Marykkundoru Kunjaadu was filmed largely in and around the Thodupuzha region of Kerala, where many of the rural village scenes that form the backdrop of the story were shot. The production captured the scenic High Range landscape, which features prominently throughout the narrative, and principal photography included both scenic settings and sequence work integral to the plot’s development. Locations such as local churches and village roads in Thodupuzha were used during the shoot.
The casting of the character Jose underwent several considerations during pre‑production. According to reports in Malayalam film media, Suresh Gopi was initially contacted for the role, with early discussions held between him and the filmmakers about the character and its requirements. Following these conversations, the team explored casting Lal who expressed interest but eventually had to step away from the project due to scheduling issues with another film. Subsequently, the role was offered to and accepted by Biju Menon, whose portrayal of Jose was noted as both distinctive and memorable.

==Soundtrack==

The soundtrack of the film was released on 20 December 2010. It had music scored by composers Berny-Ignatius". Lyrics were provided by Anil Panachooran. There was no special launch for the audio release and the music were given straight through the audio sellers.

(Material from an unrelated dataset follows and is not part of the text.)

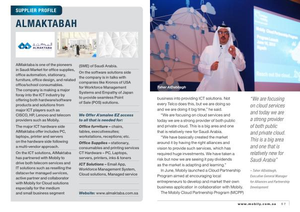 On the ICT solutions , AlMaktaba has partnered with Mobily to drive both telecom services and IT solutions such as reselling the datacenter managed services , active partner and collaborator with Mobily for Cloud solutions especially for the medium and small business segment
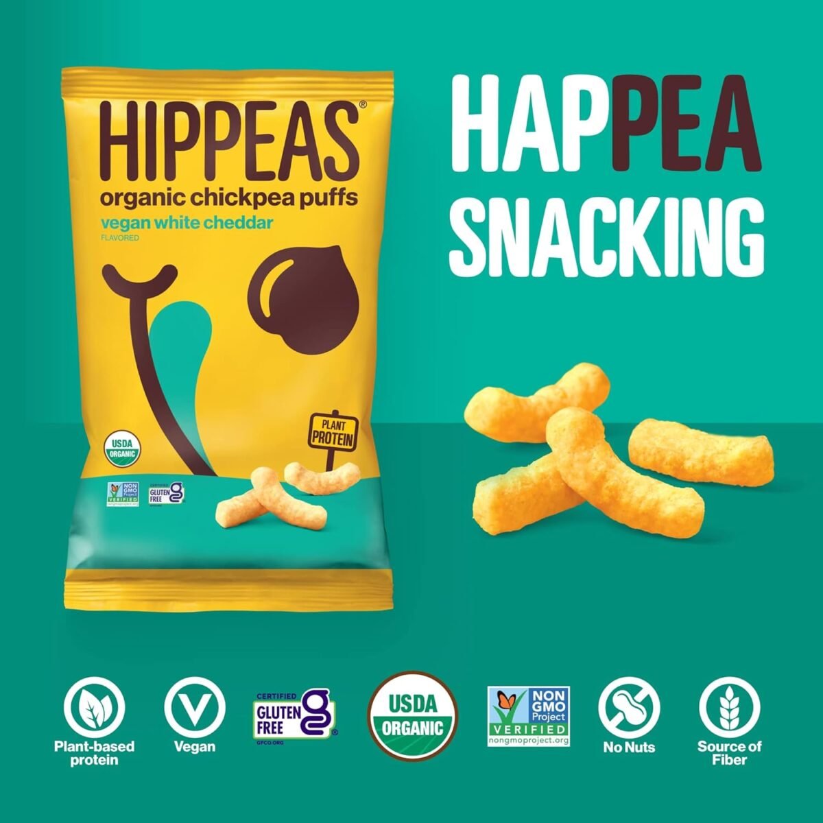 - WHAT ARE HIPPEAS? Organic Chickpea Puffs are made from the humble. but mighty legume baked into a light and crunchy puff.

| No. | Title | Singer(s) | Length |
|---|---|---|---|
| 1. | "Enttadukke" | Shankar Mahadevan, Rimi Tomy, Pappukutty Bhagavathar, Subbalakshmi | 4:35 |
| 2. | "Pancharachiri" | Franco, Sithara Krishnakumar | 4:33 |
| 3. | "Kunjaade Kurumbanade" | Madhu Balakrishnan | 4:29 |
| 4. | "Changathi Kuyile" | Master Anuragh, Kumari Yogini V Prabhu | 3:29 |
| 5. | "Kunjaade" | Sithara | 4:29 |

==Release==
The film was released on 25 December 2010.

===Critical reception===
The Rediff critic rated the film 3 stars out of 5. Lead actors, Dileep's and Biju Menon's, performances were praised, and the credit was equally shared by the writer-director team. The film worked well.

===Box office===
The film went on to become commercial success, which completed 150 days in theatres and eventually became the second highest grossing Malayalam film of 2010 behind Pokkiri Raja.